Data collection and analysis: 

We independently extracted the data and assessed the quality of included trials. We sought missing data from investigators.

Main results: 

We included 57 RCTs (74 randomised comparisons) involving 3002 participants in this review (some appearing in more than one comparison). Twenty-seven randomised comparisons (1620 participants) assessed SLT versus no SLT; SLT resulted in clinically and statistically significant benefits to patients' functional communication (standardised mean difference (SMD) 0.28, 95% confidence interval (CI) 0.06 to 0.49, P = 0.01), reading, writing, and expressive language, but (based on smaller numbers) benefits were not evident at follow-up.

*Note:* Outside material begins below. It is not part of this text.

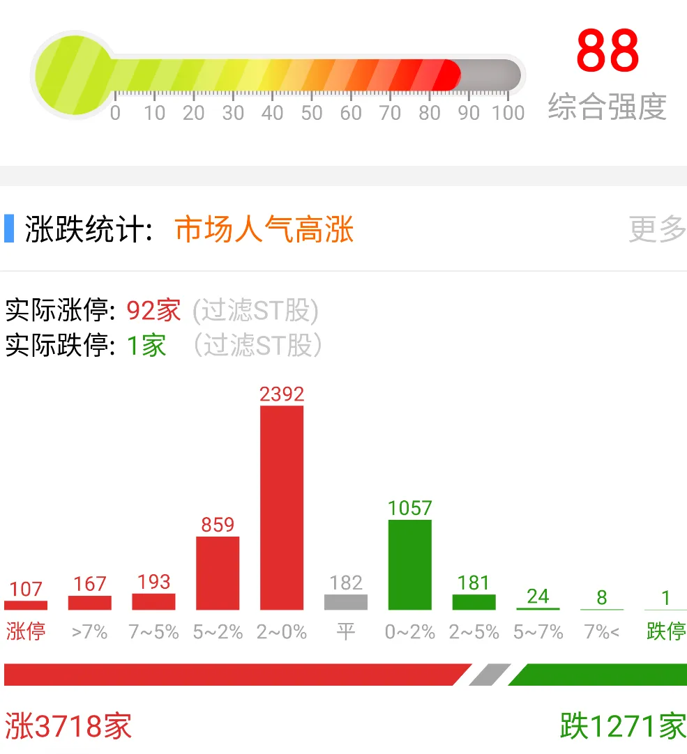 短线情绪整体强势,高位股鲁信创投十一天九板,中国卫通九天五板,金风科技等回封涨停,此外20cm连板志特新材五连板,邵阳液压三连板。

Nine randomised comparisons (447 participants) assessed SLT with social support and stimulation; meta-analyses found no evidence of a difference in functional communication, but more participants withdrew from social support interventions than SLT. Thirty-eight randomised comparisons (1242 participants) assessed two approaches to SLT. Functional communication was significantly better in people with aphasia that received therapy at a high intensity, high dose, or over a long duration compared to those that received therapy at a lower intensity, lower dose, or over a shorter period of time. The benefits of a high intensity or a high dose of SLT were confounded by a significantly higher dropout rate in these intervention groups. Generally, trials randomised small numbers of participants across a range of characteristics (age, time since stroke, and severity profiles), interventions, and outcomes.